Referred specimens: URCA-H 9835-9836 (juveniles) collected at Serra de Maranguape , municipality of Maranguape, state of Ceará, Brazil ; URCA-H 6981-6983 , 12287 collected at municipality of Ipu , state of Ceará ; MNRJ 55882-55883 View Materials collected at Serra da Aratanha , municipality of Pacatuba, state of Ceará, Brazil ; MNRJ 55884 View Materials collected at Serra da Ubatuba , municipality of Granja, state of Ceará, Brazil ; CHFURG 2119-23 collected at Sítio São José, municipality of Guaramiranga , state of Ceará, Brazil .
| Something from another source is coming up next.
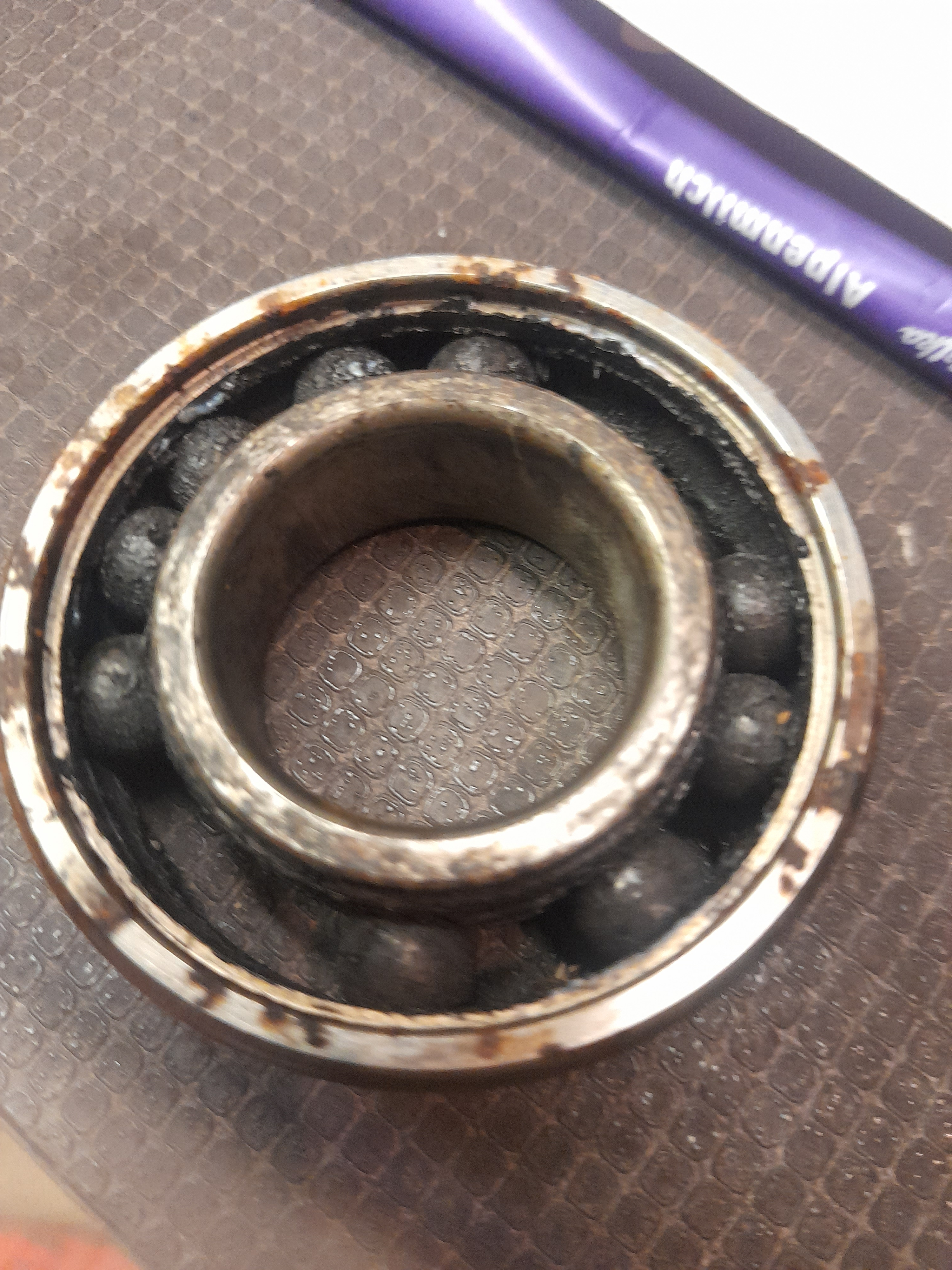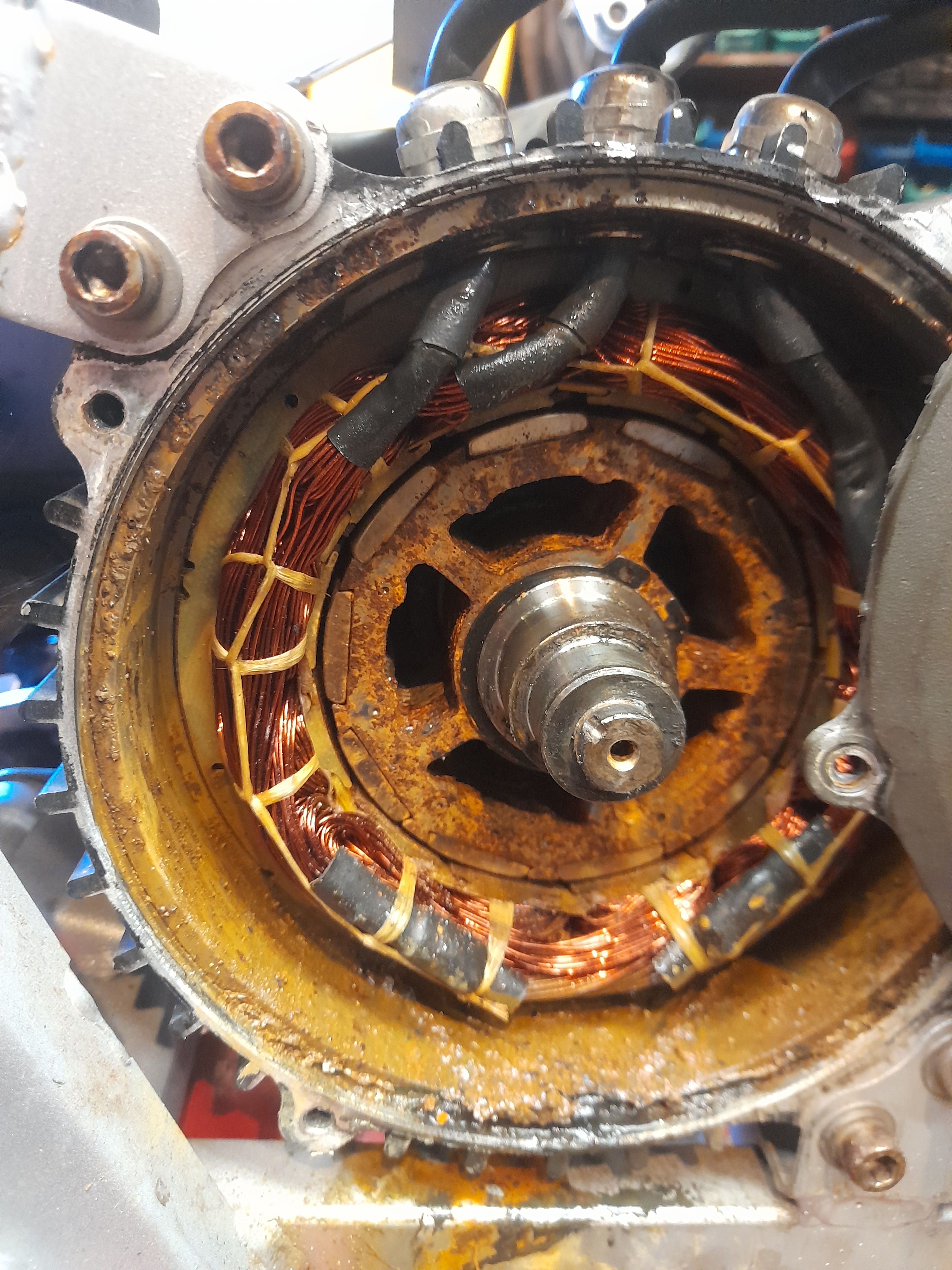 Beim Öffnen vom kleinen Seitendeckel kam mir schon eine braune Suppe entgegen. Dann hab ich den Motor zerlegt. Insgesamt war ein dreiviertel Liter Wasser im Motor. Der völlig verrostet. Das hallgeberseitige, rechte Lager hatte den Käfig abgeworfen und die Kugeln waren komplett verrostet. Der Ringmagnet auf dem Motortapfen der den Hallgeber steuert war unterrostet und leider an einer Stelle gesprengt.
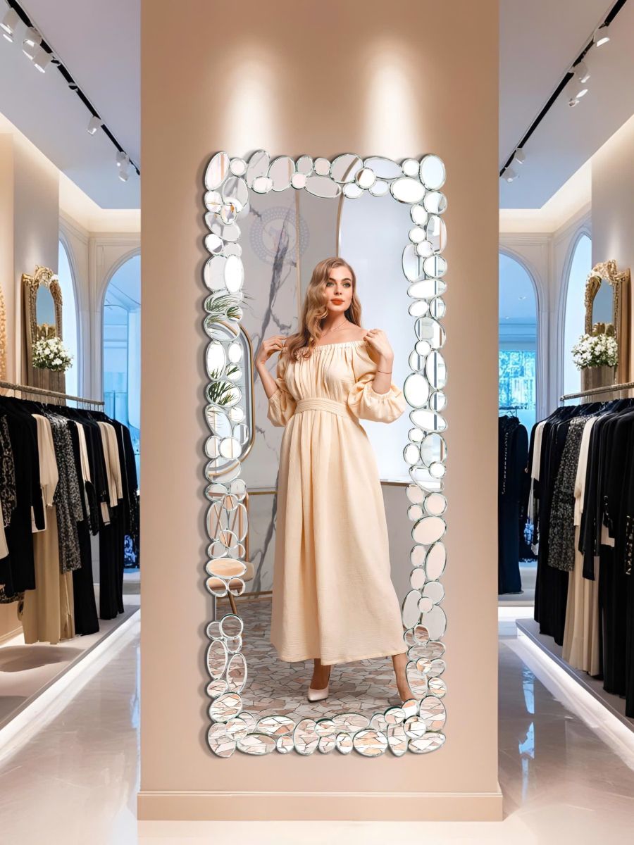 Inspired by the smooth, flowing forms of river stones, this Pebble Full-Length Vanity Mirror For Hotel Livingroom Projects brings a touch of organic artistry to contemporary interiors. Each segment of the sculpted frame reflects light independently, giving the mirror a dynamic, jewel-like shimmer that subtly transforms throughout the day.

Definition. Pristimantis relictus sp. nov. is diagnosed by the following combination of characters: (1) dorsal skin shagreen with small scattered tubercles; (2) ventral skin areolate; (3) dorsolateral fold absent; (4) discoidal fold present; (5) tarsal fold present; (6) lateral fringes absent on fingers, narrow on toes; (7) vocal slits present in males; (8) advertisement call composed of 1–8 pulsed notes (2–5 pulses per note), note rate of 0.5–2.2 notes per second, call duration 20–660 ms, fundamental frequency located at the first energy band between 1895–2153 Hz and dominant frequency located at the second energy band between 3617–4220 Hz; (9) in life dorsum coloration dark brown to yellowish-brown, with presence of dark brown chevrons and black spots in some individuals, transversal brown bars on legs and arms; (10) immaculate cream-colored pattern of concealed surfaces of thighs; (11) presence of a dark brown stripe from tip of snout to eye, including inter-nostril area, and a dark brown interorbital bar; (12) supratympanic fold bold, black; (13) gular region yellowish; (14) iris color cooper with brown reticulations.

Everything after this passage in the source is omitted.